そんなこちらの心情などお見通しと言わんばかりに、ユーフェミアはくすくすと笑う。
その反応に、さすがに言い返したいという思いが芽生えた、そのときだった。
「ゼロ!」
突然音を立てて扇が立ち上がった。
そのまま席を離れた彼が、ずんずんとこちらに歩いてくる。
何事かと思って身構えた途端、右手を両手で握られた。
「すまなかった!」
思わず体が強ばったその瞬間、突然目の前の男が頭を下げる。
突然のそれに、一瞬何を言われたのかわからなかった。
「……は?」
漸く口に出来たのは、そんな間の抜けた一言だった。
こちらの戸惑いなど気づいてもいないのか、顔を上げた扇は、ルルーシュの手を握り締めたまま真っ直ぐに彼を見る。

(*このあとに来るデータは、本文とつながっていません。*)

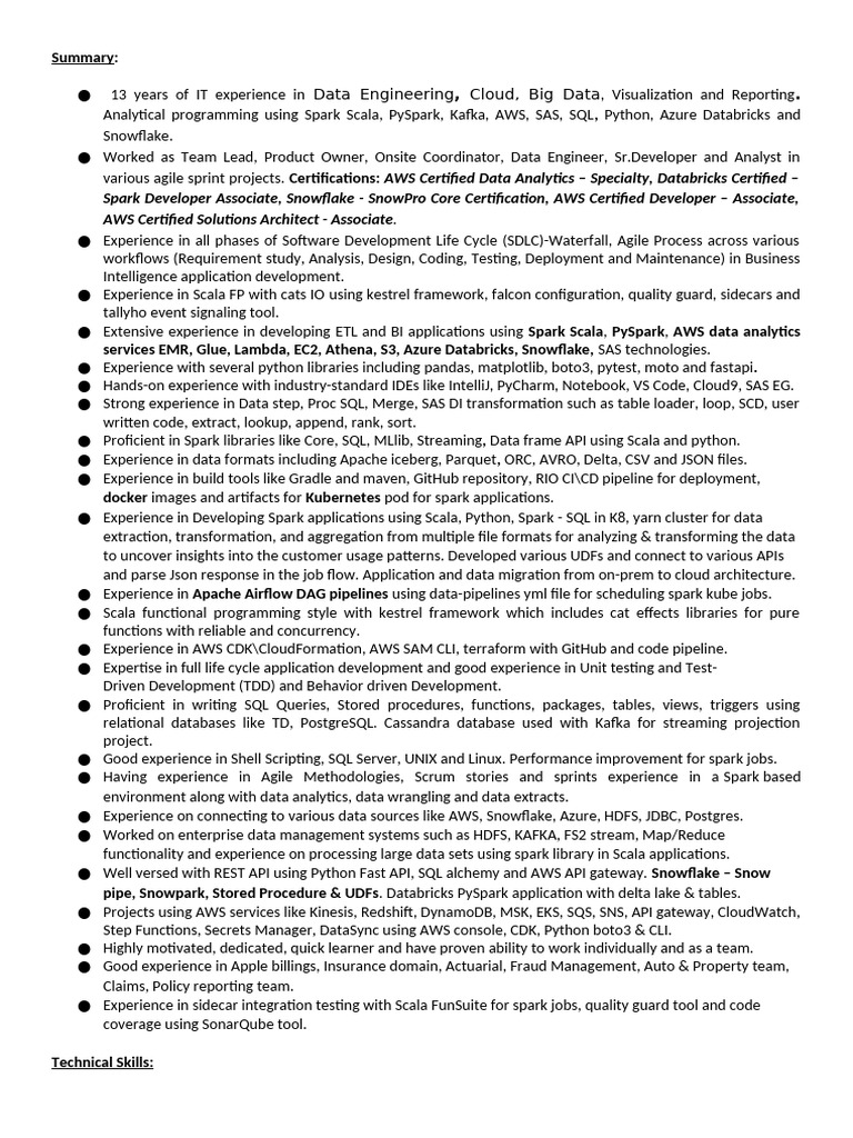 ● Extensive experience in developing ETL and BI applications using Spark Scala, PySpark, AWS data analytics

「俺は旅館で君の正体を知らされたとき、裏切られたと思ったんだ。君が俺たちを利用していて、全部ブリタニアの遊びだったのだと、疑いすらした」
「それは……」
「だが、違った!」
ルルーシュが答えるよりも先に、扇が大声を上げる。
「え……?」
「君は誰よりも苦しんでいたんだな。気づかなくてすまない!」
「いや、あの……」
なんだか盛大な誤解が発生しているような気がする。
それを指摘しようとするのだが、完全に教師モードが発動している扇は聞こうともしない。
「俺たちも、改めて君を信じる!君の力になれるよう努力する!だから、ゼロでいてほしい!」
勢いでそう言った扇の言葉を、ルルーシュは唖然とした表情で聞いていた。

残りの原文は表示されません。